### TASK BRIEF
Each line in the records below, from the one that contains "TP4060-SVM Series are" to the one that contains "Dans la boîte", should be reproduced exactly, the first and last included.

(Stored items from a collection)
────────────────────

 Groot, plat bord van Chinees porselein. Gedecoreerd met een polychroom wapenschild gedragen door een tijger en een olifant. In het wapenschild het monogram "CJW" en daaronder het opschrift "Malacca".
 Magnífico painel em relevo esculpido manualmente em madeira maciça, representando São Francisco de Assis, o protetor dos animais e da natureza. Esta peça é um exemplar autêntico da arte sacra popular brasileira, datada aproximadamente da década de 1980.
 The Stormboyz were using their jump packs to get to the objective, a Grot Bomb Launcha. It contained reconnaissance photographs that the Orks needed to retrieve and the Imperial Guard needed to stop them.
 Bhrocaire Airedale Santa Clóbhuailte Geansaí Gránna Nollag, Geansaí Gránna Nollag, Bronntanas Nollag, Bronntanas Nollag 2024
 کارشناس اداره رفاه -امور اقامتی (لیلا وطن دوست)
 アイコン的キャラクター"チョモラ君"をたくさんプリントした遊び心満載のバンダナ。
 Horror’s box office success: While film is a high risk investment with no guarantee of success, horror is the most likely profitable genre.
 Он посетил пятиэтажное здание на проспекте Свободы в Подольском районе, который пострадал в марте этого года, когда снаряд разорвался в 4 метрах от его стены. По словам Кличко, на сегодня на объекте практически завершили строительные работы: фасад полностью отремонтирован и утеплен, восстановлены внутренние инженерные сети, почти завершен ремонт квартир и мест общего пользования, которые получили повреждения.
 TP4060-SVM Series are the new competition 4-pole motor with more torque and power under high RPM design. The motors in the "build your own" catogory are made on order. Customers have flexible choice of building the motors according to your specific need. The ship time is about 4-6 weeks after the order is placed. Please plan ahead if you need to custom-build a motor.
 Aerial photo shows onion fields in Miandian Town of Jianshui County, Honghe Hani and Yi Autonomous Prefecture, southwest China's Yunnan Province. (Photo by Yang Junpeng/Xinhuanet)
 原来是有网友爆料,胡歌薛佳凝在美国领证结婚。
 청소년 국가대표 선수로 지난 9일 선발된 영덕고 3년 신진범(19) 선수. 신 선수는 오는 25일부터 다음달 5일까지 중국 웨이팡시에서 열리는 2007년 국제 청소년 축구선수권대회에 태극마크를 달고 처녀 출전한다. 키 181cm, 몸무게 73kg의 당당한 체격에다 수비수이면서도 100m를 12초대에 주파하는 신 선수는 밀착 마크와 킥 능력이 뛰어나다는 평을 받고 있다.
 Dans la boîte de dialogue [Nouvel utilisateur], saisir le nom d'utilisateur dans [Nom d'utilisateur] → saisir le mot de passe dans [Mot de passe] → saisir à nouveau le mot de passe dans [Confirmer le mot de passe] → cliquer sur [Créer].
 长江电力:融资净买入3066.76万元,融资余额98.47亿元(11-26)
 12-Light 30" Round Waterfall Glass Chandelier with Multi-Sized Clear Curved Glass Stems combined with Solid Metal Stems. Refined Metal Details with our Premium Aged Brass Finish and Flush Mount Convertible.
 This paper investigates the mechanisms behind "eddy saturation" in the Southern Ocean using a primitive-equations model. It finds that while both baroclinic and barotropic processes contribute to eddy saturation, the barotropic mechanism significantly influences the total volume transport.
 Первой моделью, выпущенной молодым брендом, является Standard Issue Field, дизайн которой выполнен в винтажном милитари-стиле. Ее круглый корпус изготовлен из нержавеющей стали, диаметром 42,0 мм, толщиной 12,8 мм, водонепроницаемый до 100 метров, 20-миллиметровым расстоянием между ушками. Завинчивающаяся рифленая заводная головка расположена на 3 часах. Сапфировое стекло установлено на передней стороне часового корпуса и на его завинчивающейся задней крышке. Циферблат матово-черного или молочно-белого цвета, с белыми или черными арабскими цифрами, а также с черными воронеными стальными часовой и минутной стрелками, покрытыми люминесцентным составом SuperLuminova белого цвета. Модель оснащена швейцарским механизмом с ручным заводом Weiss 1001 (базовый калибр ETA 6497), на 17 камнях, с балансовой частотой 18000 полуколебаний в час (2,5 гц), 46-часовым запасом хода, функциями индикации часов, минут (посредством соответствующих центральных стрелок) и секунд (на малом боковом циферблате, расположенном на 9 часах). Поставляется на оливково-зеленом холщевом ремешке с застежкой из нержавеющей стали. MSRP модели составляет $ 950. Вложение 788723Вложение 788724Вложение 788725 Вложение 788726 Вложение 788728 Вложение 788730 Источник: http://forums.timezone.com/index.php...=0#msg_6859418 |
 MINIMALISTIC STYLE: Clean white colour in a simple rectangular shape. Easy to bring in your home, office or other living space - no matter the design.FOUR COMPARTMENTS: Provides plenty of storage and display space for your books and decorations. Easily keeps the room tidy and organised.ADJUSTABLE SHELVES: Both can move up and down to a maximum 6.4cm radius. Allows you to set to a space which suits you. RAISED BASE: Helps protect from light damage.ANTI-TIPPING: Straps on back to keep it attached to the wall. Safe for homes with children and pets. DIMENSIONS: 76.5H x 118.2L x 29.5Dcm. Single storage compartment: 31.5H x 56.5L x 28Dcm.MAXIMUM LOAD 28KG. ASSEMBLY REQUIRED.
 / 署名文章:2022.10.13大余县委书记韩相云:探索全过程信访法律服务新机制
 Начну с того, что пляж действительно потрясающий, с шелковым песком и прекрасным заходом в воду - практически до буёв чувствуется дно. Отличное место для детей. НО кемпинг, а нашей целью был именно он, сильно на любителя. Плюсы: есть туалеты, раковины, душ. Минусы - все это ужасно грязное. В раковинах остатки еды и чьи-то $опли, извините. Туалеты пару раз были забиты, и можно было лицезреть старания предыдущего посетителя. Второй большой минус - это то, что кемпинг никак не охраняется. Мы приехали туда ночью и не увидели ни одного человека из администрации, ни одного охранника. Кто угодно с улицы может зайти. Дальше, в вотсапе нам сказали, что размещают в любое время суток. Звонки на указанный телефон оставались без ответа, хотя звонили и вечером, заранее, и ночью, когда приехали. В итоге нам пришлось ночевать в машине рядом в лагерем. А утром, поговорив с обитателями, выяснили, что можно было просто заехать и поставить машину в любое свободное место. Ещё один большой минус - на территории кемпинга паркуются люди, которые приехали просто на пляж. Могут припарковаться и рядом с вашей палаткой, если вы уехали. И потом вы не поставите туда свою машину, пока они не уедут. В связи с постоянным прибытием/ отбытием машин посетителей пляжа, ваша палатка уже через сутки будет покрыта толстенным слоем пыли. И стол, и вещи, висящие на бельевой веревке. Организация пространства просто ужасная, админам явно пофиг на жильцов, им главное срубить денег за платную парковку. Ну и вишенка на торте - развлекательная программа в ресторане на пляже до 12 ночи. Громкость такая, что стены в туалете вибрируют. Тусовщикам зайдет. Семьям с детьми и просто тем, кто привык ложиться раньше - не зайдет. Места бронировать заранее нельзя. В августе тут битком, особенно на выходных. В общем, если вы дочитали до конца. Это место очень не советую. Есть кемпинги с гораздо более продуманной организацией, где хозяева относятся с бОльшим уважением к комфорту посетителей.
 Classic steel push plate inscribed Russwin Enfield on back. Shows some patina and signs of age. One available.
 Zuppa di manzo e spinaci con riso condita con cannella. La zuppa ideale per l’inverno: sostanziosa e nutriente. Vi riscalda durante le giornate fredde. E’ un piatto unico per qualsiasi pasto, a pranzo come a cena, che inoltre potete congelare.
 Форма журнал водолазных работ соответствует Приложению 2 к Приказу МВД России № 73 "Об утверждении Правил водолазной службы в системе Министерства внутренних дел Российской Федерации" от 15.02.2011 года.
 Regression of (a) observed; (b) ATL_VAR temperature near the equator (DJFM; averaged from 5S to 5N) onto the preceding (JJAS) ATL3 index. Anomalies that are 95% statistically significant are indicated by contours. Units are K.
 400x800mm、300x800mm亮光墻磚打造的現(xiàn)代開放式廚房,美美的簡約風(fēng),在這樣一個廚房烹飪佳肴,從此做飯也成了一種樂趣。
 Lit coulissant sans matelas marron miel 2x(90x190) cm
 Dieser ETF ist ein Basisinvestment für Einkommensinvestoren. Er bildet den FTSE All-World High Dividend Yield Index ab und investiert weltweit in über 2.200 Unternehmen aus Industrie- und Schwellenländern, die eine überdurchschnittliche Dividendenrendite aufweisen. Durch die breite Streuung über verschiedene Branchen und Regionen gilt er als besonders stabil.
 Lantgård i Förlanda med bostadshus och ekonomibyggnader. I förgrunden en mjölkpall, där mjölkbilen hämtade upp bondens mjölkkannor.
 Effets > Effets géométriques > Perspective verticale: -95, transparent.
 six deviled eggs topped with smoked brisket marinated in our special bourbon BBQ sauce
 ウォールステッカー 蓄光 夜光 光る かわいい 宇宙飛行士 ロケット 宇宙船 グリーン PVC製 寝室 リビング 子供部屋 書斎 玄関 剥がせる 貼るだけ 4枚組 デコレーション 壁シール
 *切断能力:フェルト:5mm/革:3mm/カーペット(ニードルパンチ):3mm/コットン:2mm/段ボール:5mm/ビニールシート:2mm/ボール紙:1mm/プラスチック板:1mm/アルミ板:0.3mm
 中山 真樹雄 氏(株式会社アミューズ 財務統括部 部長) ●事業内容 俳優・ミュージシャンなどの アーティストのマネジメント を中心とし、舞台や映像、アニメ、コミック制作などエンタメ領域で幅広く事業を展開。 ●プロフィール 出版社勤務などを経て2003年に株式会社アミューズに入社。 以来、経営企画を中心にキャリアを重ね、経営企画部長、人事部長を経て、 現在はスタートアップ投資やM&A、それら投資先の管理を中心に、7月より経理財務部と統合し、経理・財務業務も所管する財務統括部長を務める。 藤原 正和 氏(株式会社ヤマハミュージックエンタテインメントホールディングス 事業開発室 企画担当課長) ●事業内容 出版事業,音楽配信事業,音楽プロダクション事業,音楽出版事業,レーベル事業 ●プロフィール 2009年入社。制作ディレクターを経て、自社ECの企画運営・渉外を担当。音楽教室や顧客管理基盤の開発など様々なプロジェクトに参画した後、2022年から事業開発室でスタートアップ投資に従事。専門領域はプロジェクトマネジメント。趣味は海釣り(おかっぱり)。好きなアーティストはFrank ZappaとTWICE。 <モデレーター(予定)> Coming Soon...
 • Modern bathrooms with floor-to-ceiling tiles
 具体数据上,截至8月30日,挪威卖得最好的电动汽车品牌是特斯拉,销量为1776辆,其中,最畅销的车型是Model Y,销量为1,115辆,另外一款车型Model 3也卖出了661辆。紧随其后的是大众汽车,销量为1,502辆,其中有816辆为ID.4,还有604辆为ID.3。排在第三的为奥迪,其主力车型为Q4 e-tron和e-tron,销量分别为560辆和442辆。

────────────────────

### TASK SOLUTION
 TP4060-SVM Series are the new competition 4-pole motor with more torque and power under high RPM design. The motors in the "build your own" catogory are made on order. Customers have flexible choice of building the motors according to your specific need. The ship time is about 4-6 weeks after the order is placed. Please plan ahead if you need to custom-build a motor.
 Aerial photo shows onion fields in Miandian Town of Jianshui County, Honghe Hani and Yi Autonomous Prefecture, southwest China's Yunnan Province. (Photo by Yang Junpeng/Xinhuanet)
 原来是有网友爆料,胡歌薛佳凝在美国领证结婚。
 청소년 국가대표 선수로 지난 9일 선발된 영덕고 3년 신진범(19) 선수. 신 선수는 오는 25일부터 다음달 5일까지 중국 웨이팡시에서 열리는 2007년 국제 청소년 축구선수권대회에 태극마크를 달고 처녀 출전한다. 키 181cm, 몸무게 73kg의 당당한 체격에다 수비수이면서도 100m를 12초대에 주파하는 신 선수는 밀착 마크와 킥 능력이 뛰어나다는 평을 받고 있다.
 Dans la boîte de dialogue [Nouvel utilisateur], saisir le nom d'utilisateur dans [Nom d'utilisateur] → saisir le mot de passe dans [Mot de passe] → saisir à nouveau le mot de passe dans [Confirmer le mot de passe] → cliquer sur [Créer].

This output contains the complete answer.